Exercise aim:
Below, find the line containing "Robusto RC crawler" and the line containing "density = 10)"; reproduce exactly those two and every line between them, omitting pictures.

*** Opening of Material for the task ***

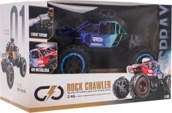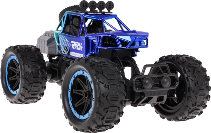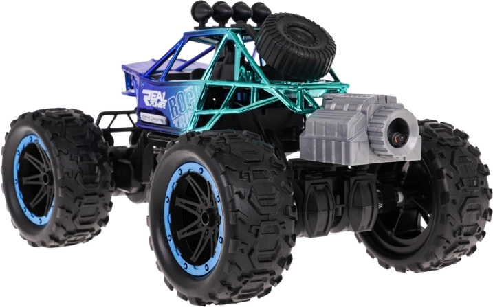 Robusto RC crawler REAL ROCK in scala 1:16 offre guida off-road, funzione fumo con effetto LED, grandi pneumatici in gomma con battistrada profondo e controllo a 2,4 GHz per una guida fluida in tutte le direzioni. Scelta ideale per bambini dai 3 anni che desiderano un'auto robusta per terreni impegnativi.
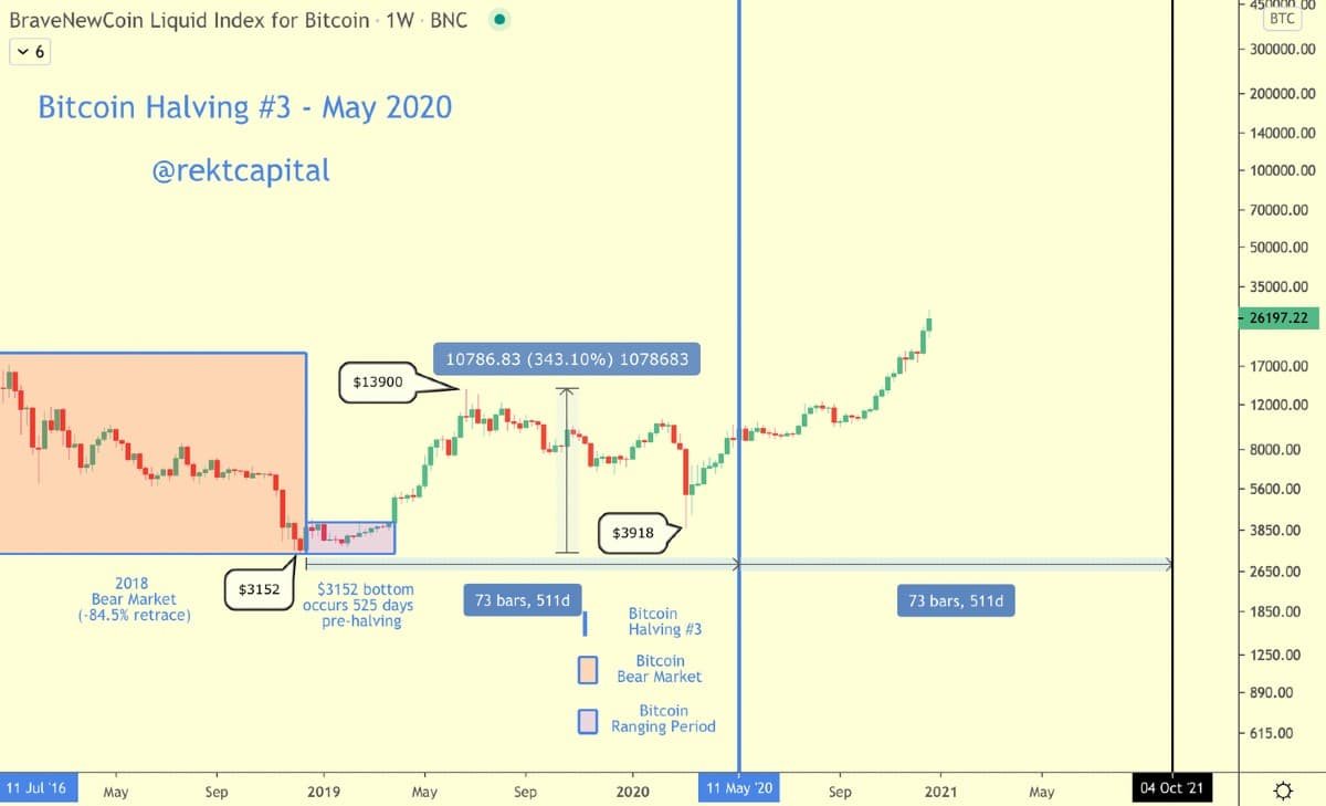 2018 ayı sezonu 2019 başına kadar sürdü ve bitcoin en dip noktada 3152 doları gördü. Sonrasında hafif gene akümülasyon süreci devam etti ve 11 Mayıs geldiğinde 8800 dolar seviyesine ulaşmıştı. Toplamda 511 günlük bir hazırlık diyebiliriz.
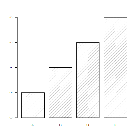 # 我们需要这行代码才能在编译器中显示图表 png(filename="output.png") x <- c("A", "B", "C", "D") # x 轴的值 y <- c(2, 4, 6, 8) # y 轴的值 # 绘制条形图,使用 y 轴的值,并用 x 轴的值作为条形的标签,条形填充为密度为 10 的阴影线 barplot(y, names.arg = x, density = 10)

*** Close of Material for the task ***
*** Opening of Material for the task ***

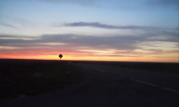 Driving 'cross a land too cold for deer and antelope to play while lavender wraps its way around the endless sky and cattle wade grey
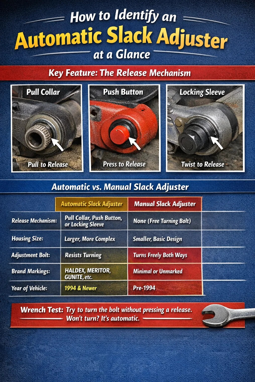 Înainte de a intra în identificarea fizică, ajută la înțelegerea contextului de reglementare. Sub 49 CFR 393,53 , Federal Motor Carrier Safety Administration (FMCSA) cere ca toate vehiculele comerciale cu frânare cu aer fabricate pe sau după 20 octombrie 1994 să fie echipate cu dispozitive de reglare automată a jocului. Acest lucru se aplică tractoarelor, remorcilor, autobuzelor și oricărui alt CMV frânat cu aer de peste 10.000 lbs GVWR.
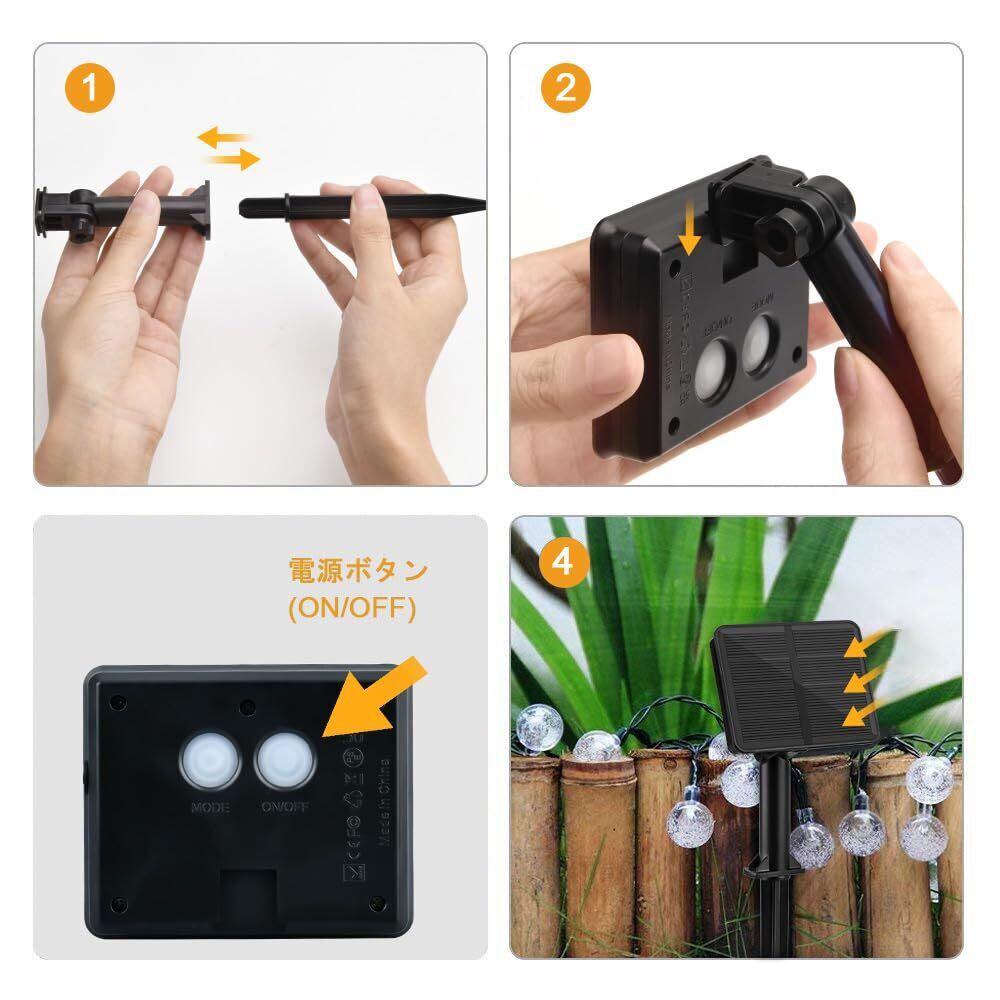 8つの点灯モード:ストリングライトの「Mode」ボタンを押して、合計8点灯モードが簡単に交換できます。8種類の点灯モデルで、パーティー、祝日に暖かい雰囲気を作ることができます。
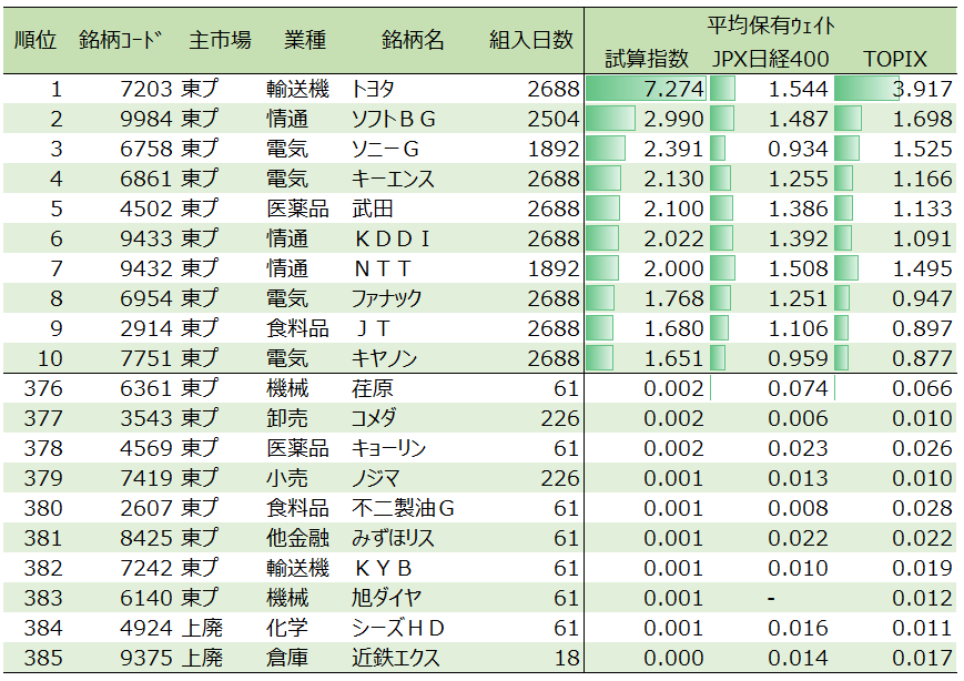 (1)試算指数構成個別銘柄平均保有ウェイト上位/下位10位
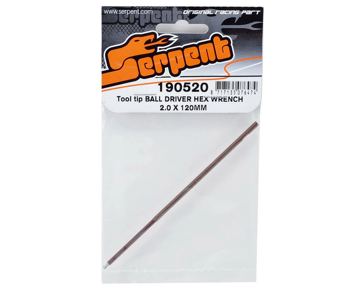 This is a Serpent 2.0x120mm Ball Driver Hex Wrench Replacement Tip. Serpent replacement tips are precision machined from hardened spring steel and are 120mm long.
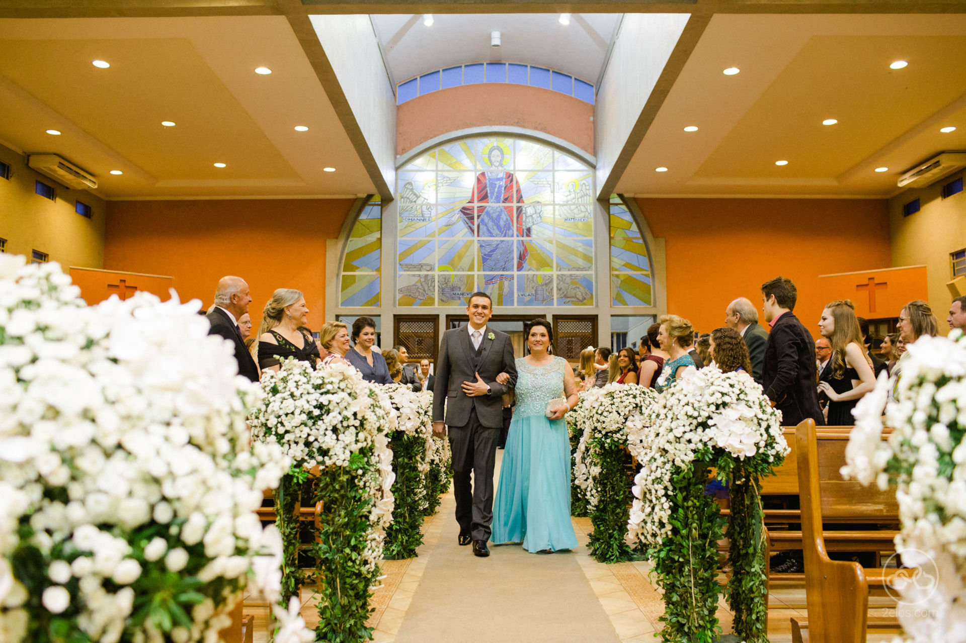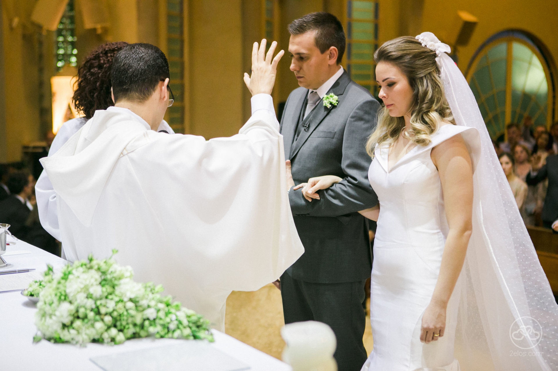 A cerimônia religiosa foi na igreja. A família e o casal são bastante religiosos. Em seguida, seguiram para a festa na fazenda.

*** Close of Material for the task ***
*** Opening of Material for the task ***

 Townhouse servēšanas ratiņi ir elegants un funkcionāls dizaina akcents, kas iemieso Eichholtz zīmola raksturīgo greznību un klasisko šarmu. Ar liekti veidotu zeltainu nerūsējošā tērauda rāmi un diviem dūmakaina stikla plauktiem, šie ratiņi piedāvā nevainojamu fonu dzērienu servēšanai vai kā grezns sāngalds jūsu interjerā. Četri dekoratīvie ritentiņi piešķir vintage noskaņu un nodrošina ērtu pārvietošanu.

*** Close of Material for the task ***

Your response:
 Robusto RC crawler REAL ROCK in scala 1:16 offre guida off-road, funzione fumo con effetto LED, grandi pneumatici in gomma con battistrada profondo e controllo a 2,4 GHz per una guida fluida in tutte le direzioni. Scelta ideale per bambini dai 3 anni che desiderano un'auto robusta per terreni impegnativi.
 2018 ayı sezonu 2019 başına kadar sürdü ve bitcoin en dip noktada 3152 doları gördü. Sonrasında hafif gene akümülasyon süreci devam etti ve 11 Mayıs geldiğinde 8800 dolar seviyesine ulaşmıştı. Toplamda 511 günlük bir hazırlık diyebiliriz.
 # 我们需要这行代码才能在编译器中显示图表 png(filename="output.png") x <- c("A", "B", "C", "D") # x 轴的值 y <- c(2, 4, 6, 8) # y 轴的值 # 绘制条形图,使用 y 轴的值,并用 x 轴的值作为条形的标签,条形填充为密度为 10 的阴影线 barplot(y, names.arg = x, density = 10)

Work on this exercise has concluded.